Молоденькая официантка, прикатившая на тележке заказ, проводила инквизитора взглядом. Потом посмотрела на Ивгу – оценивающе, даже и не пытаясь скрыть любопытство. Ивга отвернулась.
Инквизитор вернулся не через две минуты, а через двадцать.
– Директорша твоего училища скончалась в возрасте сорока двух лет от цирроза печени. Инквизитор, с которым ты имела дело, Итрус Совка, уволен два года назад за профессиональную непригодность… По-видимому, твое неудачное задержание было не единственным его промахом. Я его не знал.
Ивга смотрела в скатерть.
– Ты плачешь?
– Она… была обречена? А я…
– В то время она всего лишь подозревала неладное. Медики сомневались и недоговаривали, она маялась предчувствиями, но, будучи человеком волевым, успешно гнала от себя нехорошие мысли. До поры до времени…
– А я, значит…
– Ты не виновата.
– Я таки ведьма…
– Да, конечно. Возможно, потенциальная флаг-ведьма. Неинициированная… У тебя это странно преломилось – ты ловишь чужие тайны. Бессознательно. В состоянии стресса… Давай-ка ешь.
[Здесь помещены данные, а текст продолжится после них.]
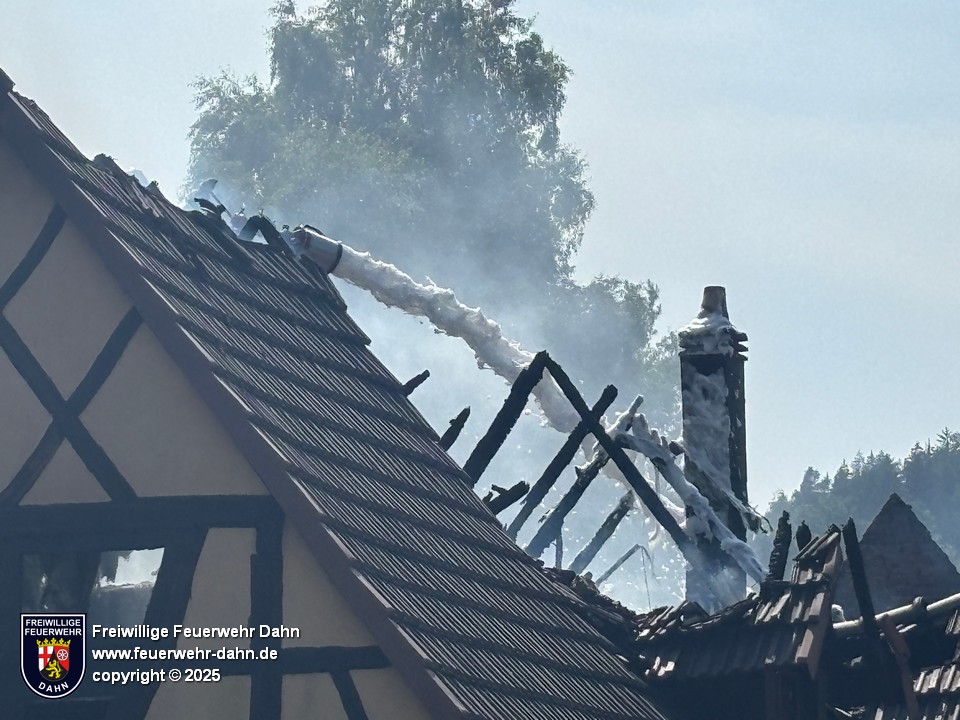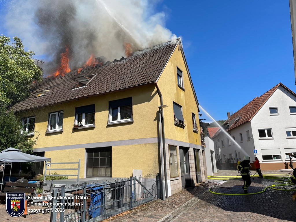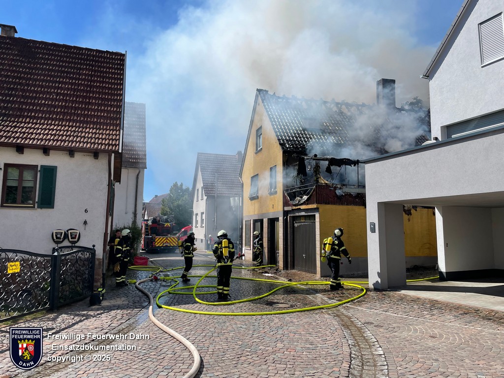 +++ Gebäudebrand in Busenberg - Flammen breiten sich in Dach aus - rund 85 Einsatzkräfte verschiedener Organisationen vor Ort +++
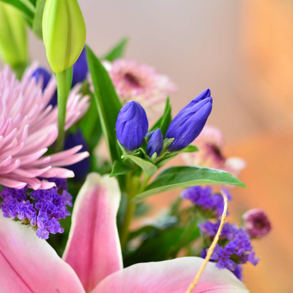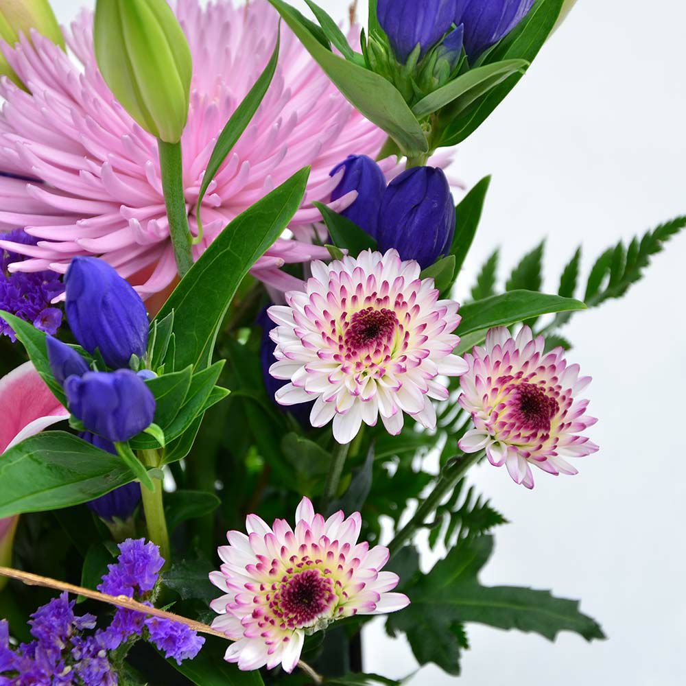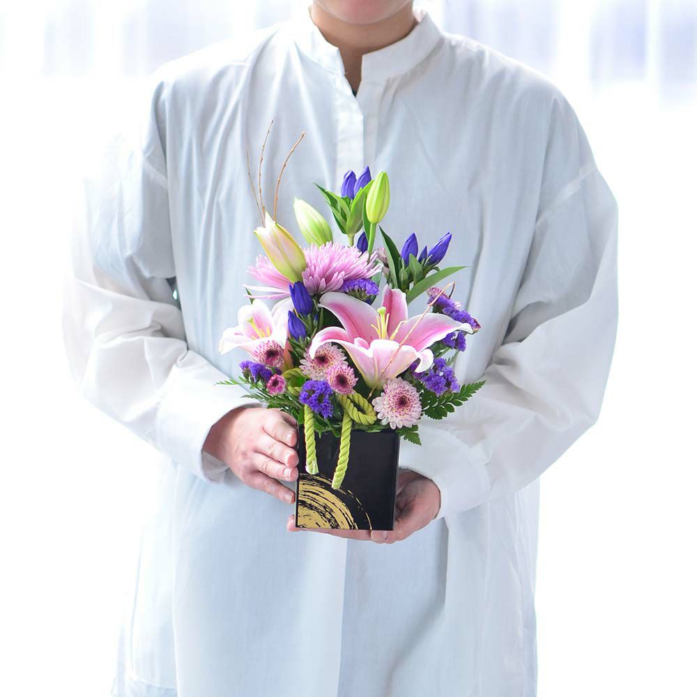 和風アレンジメント、りんどう、紫、百合、敬老アレンジメント、誕生日、記念日、敬老の日、プレゼント、退職祝い、退院祝い、お見舞い、豪華、敬老の日のプレゼント、花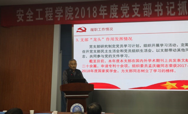 校党委副书记、纪委书记付恒升在听取党支部书记现场述职后发表讲话,他说,开展基层党支部书记抓党建述职评议考核工作,既是上级明确要求,也是工作迫切需要。党支部工作做到位了,支部的战斗堡垒作用和党员的先锋模范作用发挥出来了,党的执政基础就巩固了,学校的教学科研和育人工作就有保障了。党支部是党的最基层组织,做的是最基础也是最重要的具体工作,党支部书记要紧扣抓党建第一责任人这根主线,不仅要认真总结成绩经验,积极亮出支部工作特色,也要深入分析存在的问题,提出加强和改进工作的思路措施。希望大家通过述职报告,互相学习借鉴,推动基层党建工作做得更实、更好。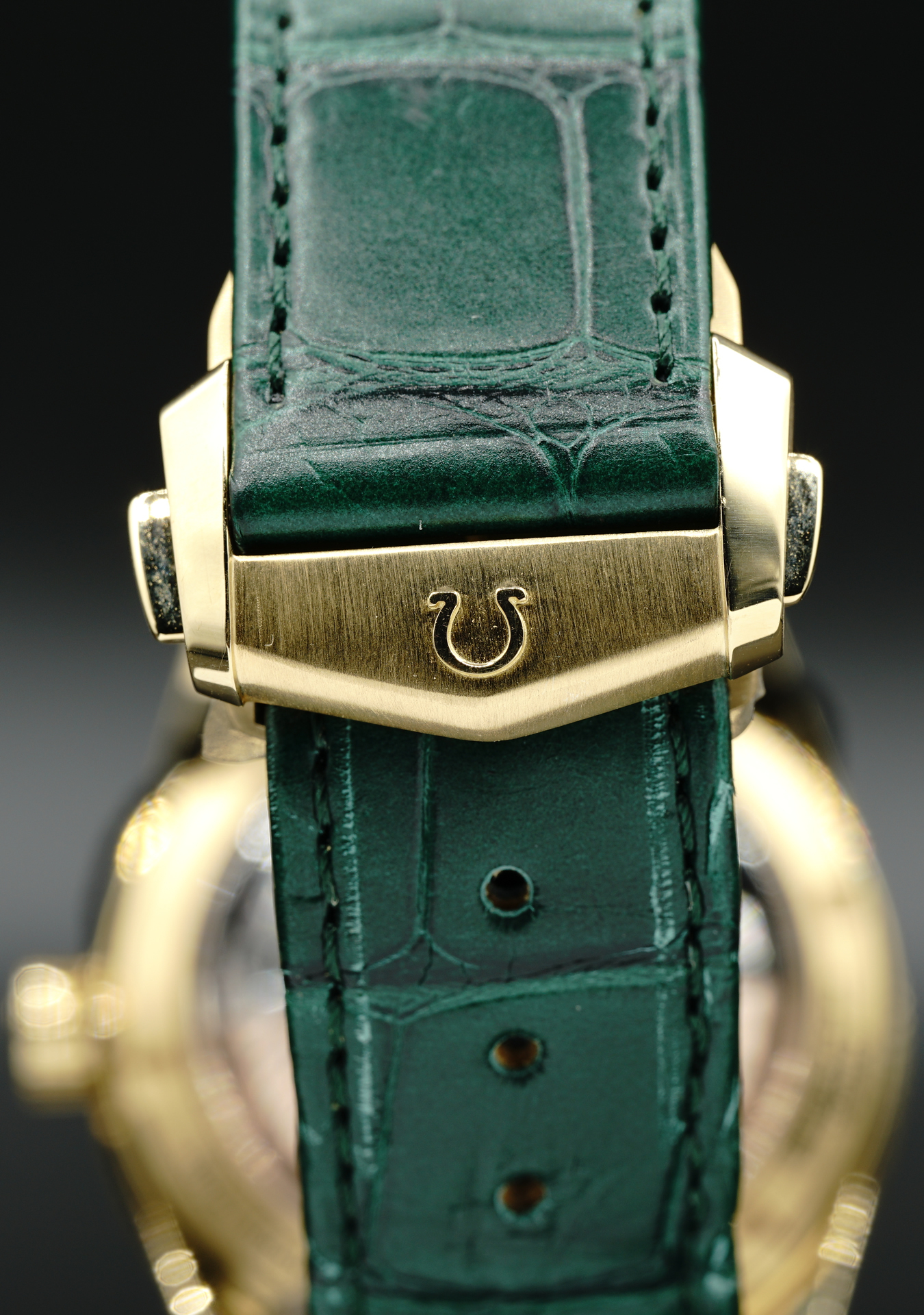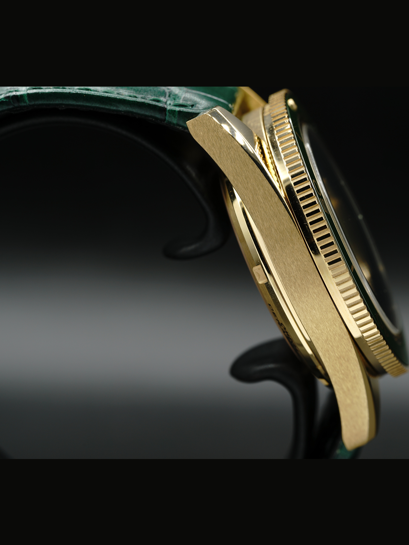 - This timepiece features a 41mm gold case paired with a high quality leather strap. It showcases a distinctive green dial and is powered by a precise automatic winding movement. The watch is designed with a water resistance of up to 300m.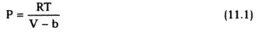 Начнем с того, что учтем в уравнении состояния (которое мы будем писать для одного моля газа) ограниченную сжимаемость газа. Для этого надо в уравнении идеального газа Р = RT/V

Ивга послушно опустила глаза в тарелку. Вяло поковыряла вилкой остывающий куриный бок, вспомнила, что не хотела ничего заказывать, прерывисто вздохнула, отодвинула тарелку:
– Сегодня я поймала… вашу тайну тоже? И что мне за это будет?..
– Ничего.
– Хотелось бы верить…
– Ивга, ты хотела заниматься… этими художественными промыслами? Или просто – подвернулось место в училище?
– Я вроде как хотела… вроде как дизайнером. Ну а потом…
– Перехотела?
Ивга помолчала. Отвернулась.
– Скажите честно… Назар от меня отказался?
– Нет.
– Я думала… если человек… ну вроде как любит… он способен… простить. – Она передохнула. – Ведьме, что она ведьма.
– Если бы ты действительно так думала, ты призналась бы Назару. Сама. – Инквизитор отыскал на столе пепельницу.
Ивга помолчала.
– С вами… тяжело. Вы часто говорите то, что не хочется слышать.
Он не был на этой могиле без малого три месяца; со времени последнего посещения многое изменилось. Исчезли деревянные вазы с тусклыми зимними цветами и появилось надгробие из черного матового камня, с барельефом на шероховатой грани; ночью шел дождь, и Дюнкино лицо на барельефе было мокрым и странно живым. Клаву показалось даже, что на плечах подрагивают сосульки слипшихся волос – но, конечно, это было не так. Кладбищенский скульптор имел перед глазами старую Дюнкину фотографию, где волосы ее, чуть вьющиеся и совершенно сухие, собраны были в пышную праздничную прическу.
Клав испытал что-то вроде раскаяния. С самого дня похорон он не виделся ни с кем из ее родичей; так велика была обида, нанесенная теми словами?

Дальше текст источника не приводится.